3. Making it up on the next job:
Many contractors and remodelers are embarrassed by profit. Yes, they want it, but all too often they’re more driven by a desire to create beautiful, imaginative, and enduring quality work and leave behind a delighted customer who feels like a good friend. To this end, they will give away what should be charged as change orders and solve every customer disappointment by “making it right” no matter what the cost.

As a result, they drive themselves and their crew into the ground.

Too often, this kind of thinking and behavior promotes a company-wide culture that takes “The customer is always right” to nonsensical and unprofitable lengths. The rationalization is that the next job will somehow run perfectly (it never will), will be sold at a price big enough to make up for the past less-profitable jobs (unlikely), and will produce sufficient profit to cover what the earlier jobs failed to yield.

Let’s look at the numbers in the table below.
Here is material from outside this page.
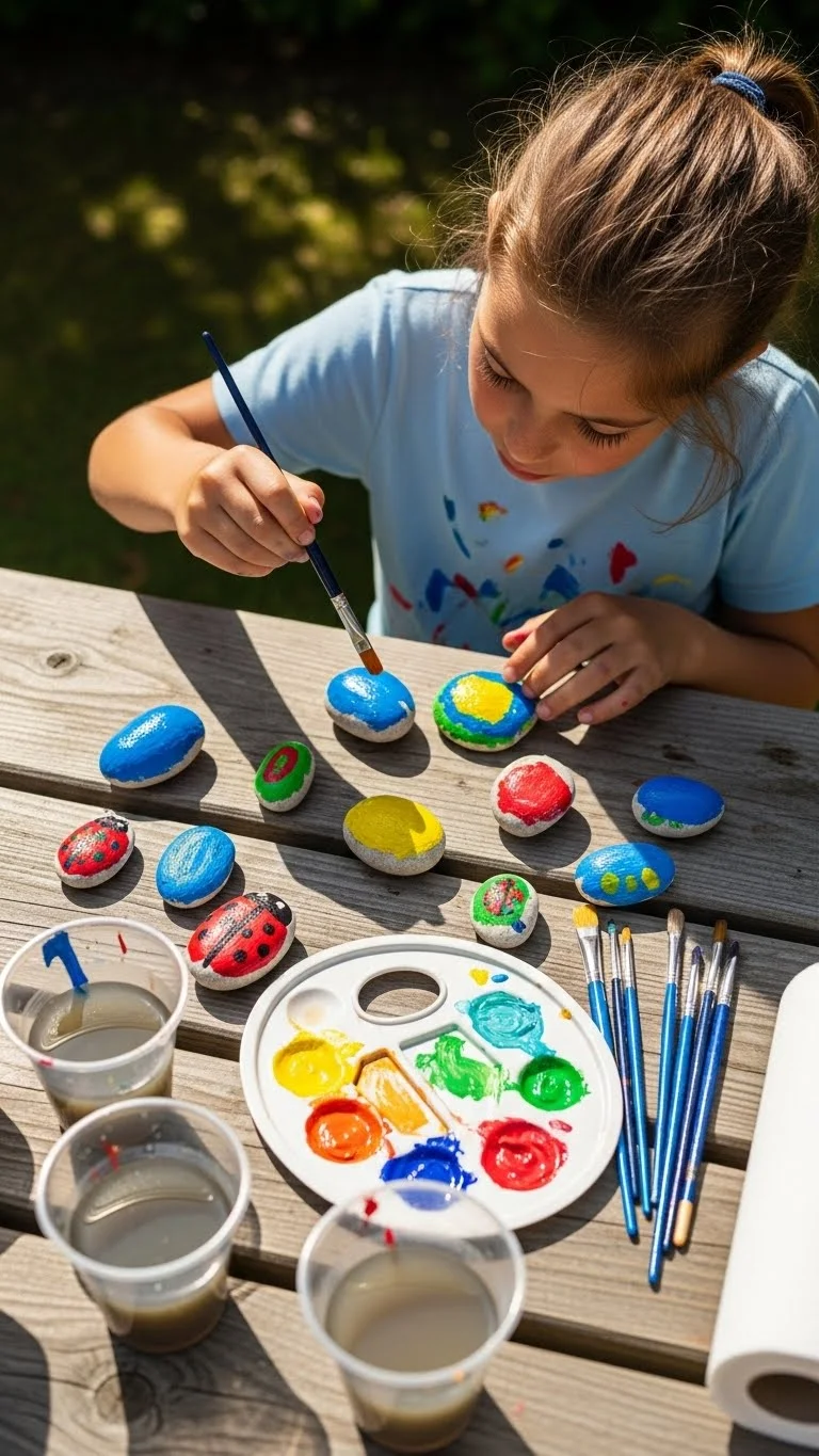 Gather a handful of smooth rocks from the yard or a park. Set them on a table with washable paint or paint pens. Kids enjoy turning each rock into a tiny creature, a pattern, or a simple happy face. Keep cleanup easy by placing everything on a piece of old newspaper or cardboard. If paint isn’t available, markers still work well. Kids often get hooked on decorating multiple rocks because each one feels like a small project. A bowl of completed rocks makes a fun display on a shelf or porch. Some kids like hiding painted rocks around the neighborhood to surprise others. This adds a bit of adventure and keeps the activity going longer. It’s simple, low-cost, and always fun because no two rocks turn out the same.

To keep things simple, assume that you produce four jobs that each sell for $100,000. Your production costs fluctuate between $72,500 and $75,500. When you’re done with the four jobs, you have $400,000 in sales and have an achieved gross margin of 26%. You’ve read, or heard, that your margin should be more like 30%, so that’s your target. Now you need to “make up for” the lost margin in your next job. Assuming a similar job with similar costs, you’d have to sell it for $130,000. That’s nearly a third more than the price you’re used to selling. Can you really do that?

TARGET MARGIN 30%
JOB 1 JOB 2 JOB 3 JOB 4 4 Job Average JOB 5 5 Job Average
Income $100,000 $100,000 $100,000 $100,000 $400,000 $130,000 $530,000
Costs $73,500 $74,500 $72,500 $75,500 $296,000 $75,000 $371,000
Gross profit $26,500 $25,500 $27,500 $24,500 $104,000 $55,000 $159,000
Gross margin 26.50% 25.50% 27.50% 24.50% 26.00% 42.31% 30.00%

4. Thinking that one big job will cover anything that went wrong in the little jobs:
This is an interesting blend of No.2 and No.3 above. Remodelers who do very well with jobs in the $50,000 to $80,000 range may find that a sudden “windfall” of a $1.1 million job changes all the rules. One of my clients claimed that because the anticipated profit on the big job was so enormous (this assumes, of course, that the job will be brought in at or under budget), he could afford to price it lower than his margin by calculation needed to be, and that it would also make up for the margin shortfalls that the jobs to date had displayed.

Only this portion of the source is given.